* **Task requirements**
Count the lines below that include the word "with" and write that number alone.

* **Record extracts**

+++++

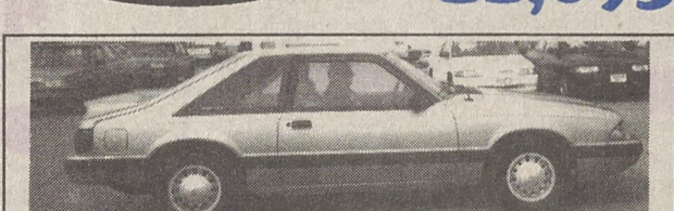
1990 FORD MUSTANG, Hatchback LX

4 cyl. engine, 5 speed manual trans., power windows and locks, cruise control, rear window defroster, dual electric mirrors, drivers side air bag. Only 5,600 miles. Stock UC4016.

+++++

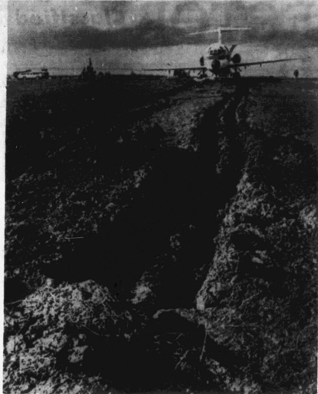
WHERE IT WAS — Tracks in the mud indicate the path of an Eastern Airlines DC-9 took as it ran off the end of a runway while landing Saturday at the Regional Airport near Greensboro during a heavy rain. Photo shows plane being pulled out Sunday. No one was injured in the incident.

+++++

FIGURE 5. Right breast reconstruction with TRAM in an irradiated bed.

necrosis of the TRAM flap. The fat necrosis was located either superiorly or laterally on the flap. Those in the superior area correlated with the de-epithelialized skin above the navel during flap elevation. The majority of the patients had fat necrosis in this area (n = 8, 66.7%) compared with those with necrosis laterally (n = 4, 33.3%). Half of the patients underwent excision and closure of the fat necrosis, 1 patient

+++++

* **Task solution**
2